Must be someone with a grudge against the terminally ill then.

0 ( +0 / -0 )

Must be someone with a grudge against the terminally ill then.

I've heard sometimes these people think they are doing the victims a service, but ending their suffering.

Messed up either way.

0 ( +0 / -0 )

It would take more than one person to pull this off... offer complete immunity to the first person who steps up to tell on the others.

0 ( +0 / -0 )

Dr. Shipman san has risen again

0 ( +0 / -0 )

Hopefully the detection and arrest of the murderer, if there is one, will pave the way, as was the case in Britain, for a complete overall of the legal structure behind Japan's health care system.

I wouldn't know if Japan needs that, but Britain's had more than its fair share of nutjobs. Jimmy Savile committed a considerable proportion of his sex crimes on hospital premises, against patients, against staff, against children, against the mentally ill, and even against the dead. He had open access to a number of institutions, including Leeds General Infirmary, Broadmoor, and Stoke Mandeville. Could anything be sadder than this? "A former child patient at the hospital has said that nurses warned her to stay in bed and pretend to be asleep when Savile was due to visit."

Here are a few more total wrong 'uns:

http://news.bbc.co.uk/1/hi/england/oxfordshire/4756905.stm

http://news.bbc.co.uk/1/hi/wales/north_east/7058722.stm

The final one is likely to have been Harold Shipman's inspiration, and had 160 very suspicious deaths to his name. Miraculously, he was acquitted:

https://en.wikipedia.org/wiki/John_Bodkin_Adams

0 ( +0 / -0 )

This may be because of historical taboos about working with the dead.

Or because it's another four years after you get your M.D., and it pays crap? I know someone who was considering it, but four more years...

0 ( +0 / -0 )

“We see many people pass away due to the nature of this hospital, but had the impression that the number of those dying >>was increasing a bit,” a hospital official told Kyodo News.
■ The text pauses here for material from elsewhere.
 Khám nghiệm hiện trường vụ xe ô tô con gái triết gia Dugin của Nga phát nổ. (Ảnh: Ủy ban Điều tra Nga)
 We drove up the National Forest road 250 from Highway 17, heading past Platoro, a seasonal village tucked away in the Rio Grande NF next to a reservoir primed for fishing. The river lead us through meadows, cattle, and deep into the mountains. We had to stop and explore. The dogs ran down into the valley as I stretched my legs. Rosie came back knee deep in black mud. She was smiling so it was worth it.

The cold blood of those people running that hospital, extra dead people are just "a bit" of their running business...

0 ( +0 / -0 )

The cold blood of those people running that hospital, extra dead people are just "a bit" of their running business...
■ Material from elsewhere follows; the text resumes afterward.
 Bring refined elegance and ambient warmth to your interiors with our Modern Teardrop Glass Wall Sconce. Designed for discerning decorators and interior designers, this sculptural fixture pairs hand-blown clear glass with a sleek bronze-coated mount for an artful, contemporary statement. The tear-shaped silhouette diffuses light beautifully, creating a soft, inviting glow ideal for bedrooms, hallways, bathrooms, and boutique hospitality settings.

You do realize that they take a large number of terminally ill patients, right? Death is something they deal with all the time, not like the average person who deals with it a few times through their lives. You call it cold, they call it their lives.

1 ( +1 / -0 )

. extra dead people are just "a bit" of their running business...

Meaning that it was a small increase, not enough to raise an immediate alarm.